Canada’s largest cannabis producer has once again seen a big boost to their business. Canopy Growth stock has risen by almost 5% as Justin Trudeau announced his $1 tax plan for recreational cannabis.
However, this is not the only thing going their way. Reddit user zoo55 did a very thorough research of their future growth potential and compared them with current cannabis growing abilities, and here’s what he found:
He also found Canopy Growth’s total growing capacity:
- Current production capacity: 41,000 kg/year.
- Future production capacity: 96,000 kg/year.

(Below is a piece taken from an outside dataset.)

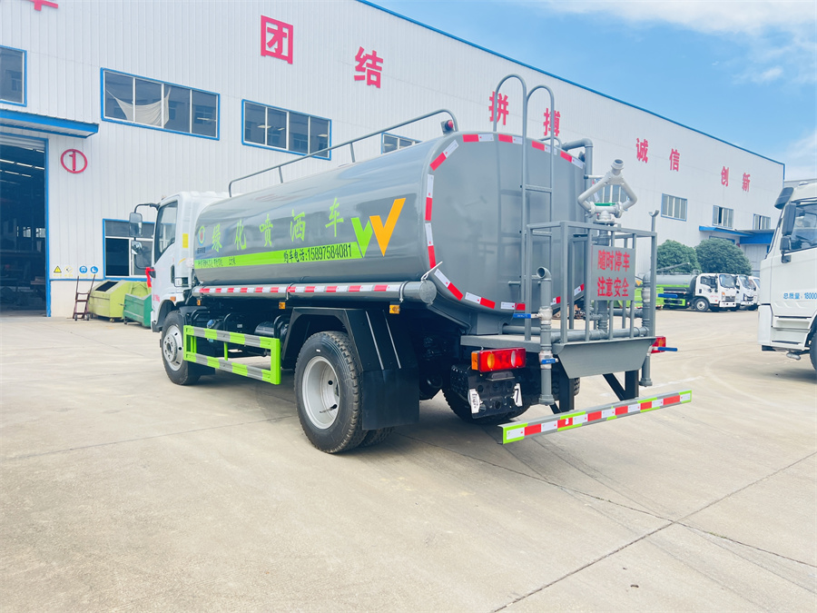 灑水車前裝有鴨形噴嘴或圓頭沖嘴,后面裝有圓柱開灑水噴嘴或蓮蓬頭噴嘴,后部有一工作平臺,裝配有水炮。后部還可裝8個噴嘴(選裝)。

Zoo55 also added that Canopy Growth is currently growing about 15,000 kg/year, which is just over a third of their production capacity. He suggests that one possible reason for this are the legal issues preventing them from growing more cannabis.

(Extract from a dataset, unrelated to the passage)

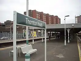 Thornton Heath is a railway station in the London Borough of Croydon in south London, 8 miles 64 chains (14.2 km) down the line from London Victoria.[2] It is on the Brighton Main Line between Norbury and Selhurst. The station is operated by Southern, who also provide all train services.The station is in Travelcard Zone 4.

This could be an issue, as their main competitors, Aphria(TSE: APH) and Aurora Cannabis (TSE: ACB) are both looking into having 100,000 kg/year capacity by mid-2018.

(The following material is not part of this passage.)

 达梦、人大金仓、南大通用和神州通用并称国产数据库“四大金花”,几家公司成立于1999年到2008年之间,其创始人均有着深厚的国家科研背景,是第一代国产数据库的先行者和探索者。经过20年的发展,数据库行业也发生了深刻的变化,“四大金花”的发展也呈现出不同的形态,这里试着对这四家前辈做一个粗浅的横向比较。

Canopy Growth stock (TSE: WEED) will keep growing
As things on the domestic front are looking up with Ontario‘s and Quebec‘s model for cannabis sales, things on the overseas are looking even better. Canopy Growth has signed a deal with the Danish Spectrum Denmark ApS as cannabis sales in Denmark are to commence on January 1, 2018.
However, perhaps the biggest piece of evidence that this is the stock to invest in is the fact that they officially supported Justin Trudeau and his government in establishing a $1-dollar tax on sales of cannabis up to one gram, and a 10% tax on sales over 1 gram of dried bud.
“We are happy that they have taken a great competitive opportunity against the black market. It’s a fraction of the tax on alcohol and tobacco,” Canopy Growth CEO Bruce Linton told VICE Money.
Shares of Canopy Growth Corporation, Canada’s largest cannabis company, rose by more than one percent, continuing their upward trend since Ontario’s distribution and sales plan for recreational weed announcement last month that is expected to largely benefit licensed-producers, such as Canopy Growth.
Given that many projections have shown that the supply of cannabis which is projected for July 1st won’t cover the needs of Canadians consumers. It is quite possible that at one point in late June or July this stock will make a small dip, but it won’t be anything significant enough to worry its investors.
As a long-term play, cannabis stocks appear to be a lock for investors as far as growth stocks are concerned.